[Your instructions] For the material that follows, return exactly the lines from the one with "Всероссийская ярмарка трудоустройства." through the one with "социальной защиты населения", both ends included.

[Dataset content]

☆ ☆ ☆ ☆ ☆ ☆ ☆

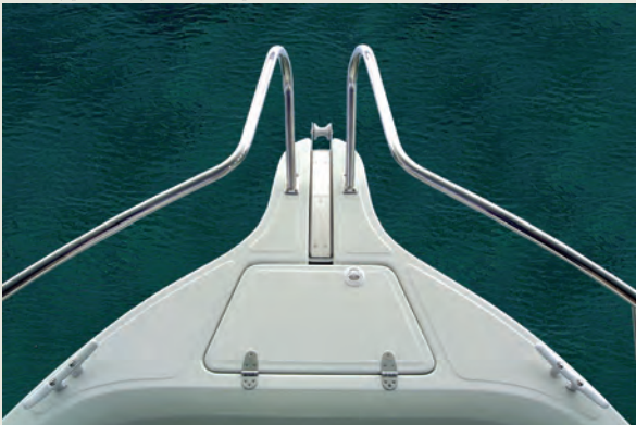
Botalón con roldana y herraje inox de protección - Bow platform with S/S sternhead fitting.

☆ ☆ ☆ ☆ ☆ ☆ ☆

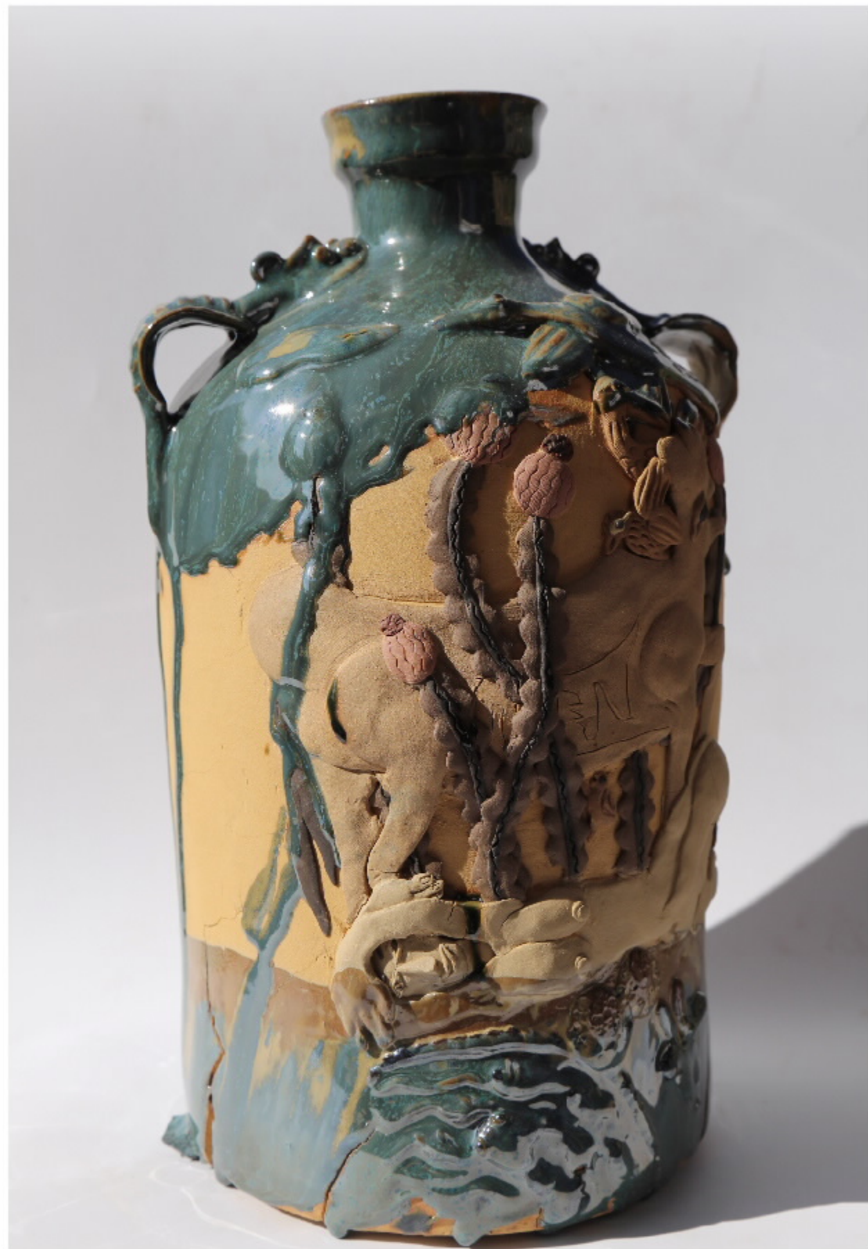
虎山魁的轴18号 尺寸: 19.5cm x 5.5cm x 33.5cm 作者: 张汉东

☆ ☆ ☆ ☆ ☆ ☆ ☆

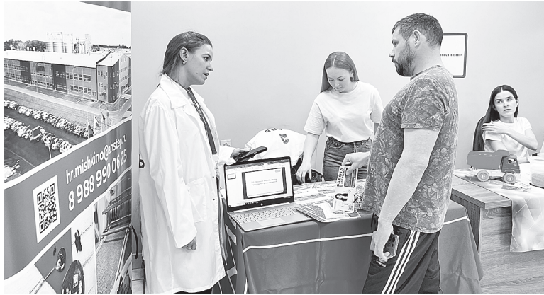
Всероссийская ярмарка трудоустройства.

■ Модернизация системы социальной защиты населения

☆ ☆ ☆ ☆ ☆ ☆ ☆

[Your response]
Всероссийская ярмарка трудоустройства.

■ Модернизация системы социальной защиты населения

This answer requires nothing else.